For the sake of discussion, assume the Buckeyes' 2017 class settles in at 18 prospects.
That's still very small. Ohio State signed classes of 25, 24, 23, 27, and 25 players in Meyer's five years.
But even a relatively small haul will create big headaches.
Beyond the six seniors, let's say another half-dozen players leave the program, some because of injuries, others beckoned by the NFL. Among those who could leave early for the pros include linebacker Raekwon McMillan, cornerback Gareon Conley, and quarterback J.T. Barrett.
In this conservative scenario, the Buckeyes would still have 92 scholarship players.
If this were the NFL, Meyer could continue to recruit big classes and simply cut those who weren't pulling their weight.
That doesn't fly in college, where schools unofficially commit to prospects for four years, regardless if they pan out or not.
Still, the numbers are the numbers, and big-time college football rarely spares any feelings.
The wink-wink arrangement in which underperforming players leave a program on mutual terms happens everywhere every offseason.
Chances are Ohio State will be no different, lending new meaning to its survival-of-the-fittest theme this year. Many veterans who have yet to make a major impact may be playing for a spot on the roster.
In Ohio State's Land of the Wolves, the message is clear: Eat or be eaten.

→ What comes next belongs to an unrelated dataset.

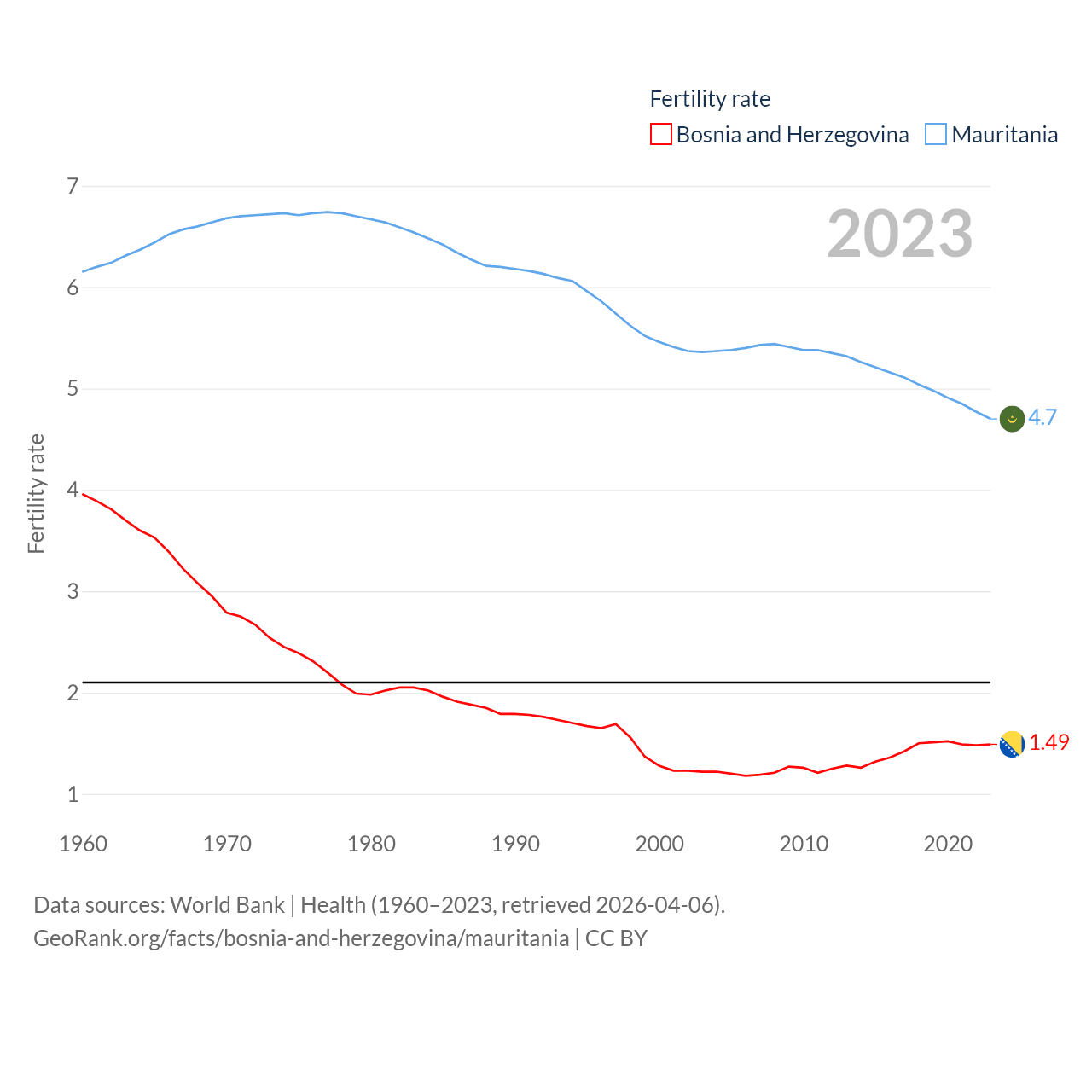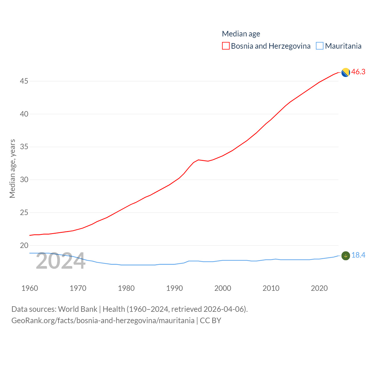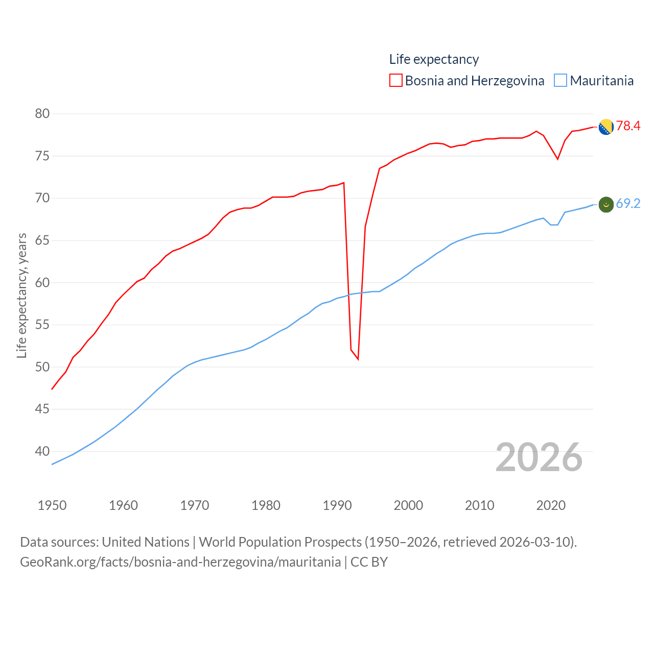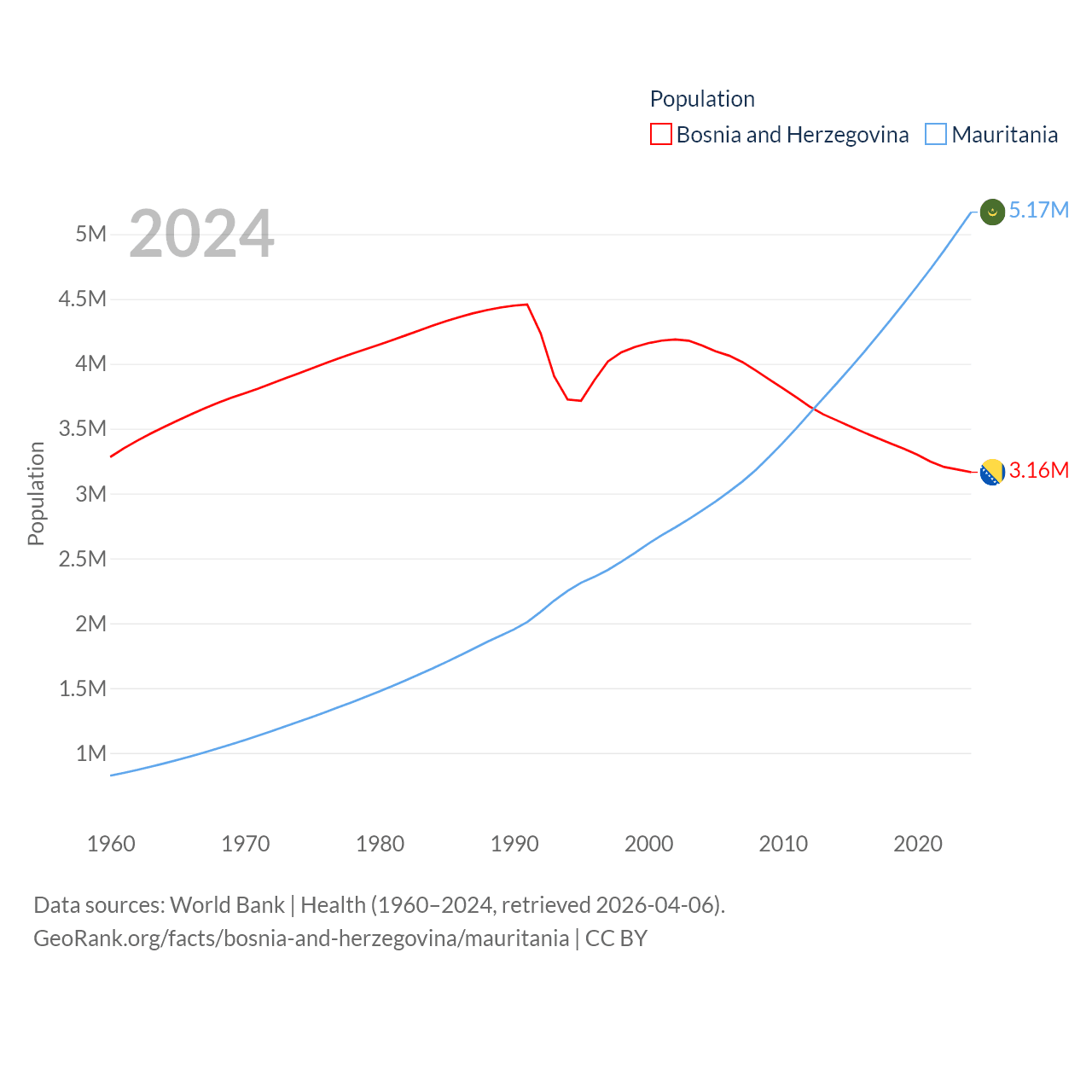 Bosnia and Herzegovina has a population of 3.16M (ranked 134/197), compared with 5.17M in Mauritania (ranked 125/197). Bosnia and Herzegovina's land area is 19,768 sq mi versus 397,955 sq mi for Mauritania (ranked 125th vs. 28th).

"I say this every year, but I don't want to redshirt," Meyer said. "It's not our plan. We don't recruit you and say, 'Let's sit them down for a while.' We want to play them immediately. If they're good after three years and want to go to NFL, that's their choice. We want them to get a degree. But the days of fifth-year guys at Ohio State, they don't usually ... if they're around for five years, something happened or they're not good enough."